Foreclosures are ticking up. And that may make your mind jump straight to thoughts of 2008 – specifically to what happened to the market during the housing crash. So, let’s do exactly what your brain already wants to do, and see if there’s any connection there.
The simple truth is foreclosure filings are rising. But they’re nowhere near crisis levels. And that’s not where they’re headed either. Here’s why.
Take a look at serious delinquencies – loans where the homeowner is more than 90 days late on their mortgage payments.

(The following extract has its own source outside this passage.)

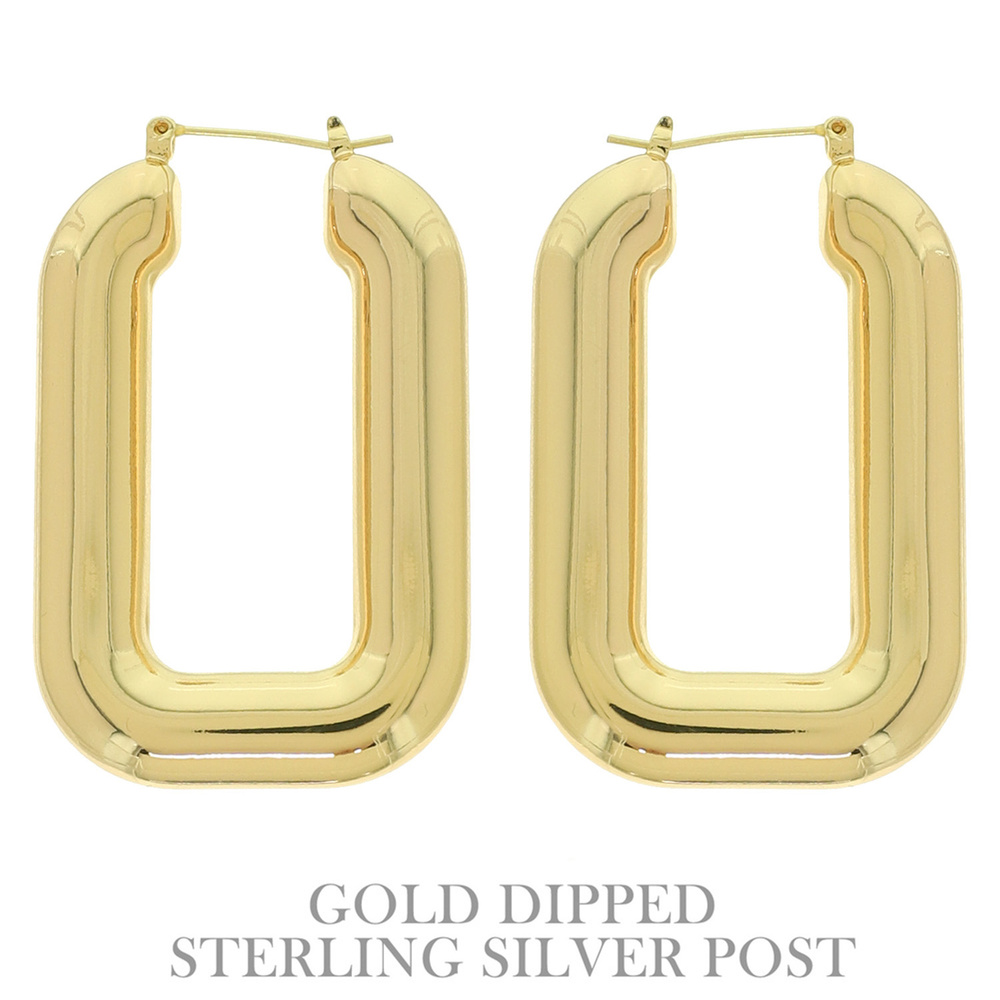 POLISHED BLOCKY ELLIPSE HOOP EARRINGS IN YELLOW GOLD PLATING

While those have increased slightly, data from the New York Fed shows they still remain low. And they aren’t anywhere close to levels seen when the market crashed (see graph below):
Home Equity Changes Everything
Many people have built significant equity over the past several years. And that creates options. As Daren Blomquist, VP of Market Economics at Auction.com, explains:
“Distressed homeowners… many times they still have equity in their homes. There’s an opportunity for them to sell that home, avoid foreclosure, and walk away with equity.”
That’s a major difference from 2008. Back then, many homeowners owed more than their homes were worth. And selling wasn’t an easy solution. Today, for many people, it is. And even in situations where equity isn’t enough, homeowners are encouraged to contact their loan servicer early to explore alternatives to foreclosure.
Bottom Line
Are foreclosure filings rising slightly? Yes. Are they anywhere near crash territory? No. And homeowners today have far more equity and flexibility than they did during the crash.
If you’re concerned about what you’re seeing in the headlines, the best move isn’t panic, it’s perspective. And the data right now says this isn’t 2008 all over again.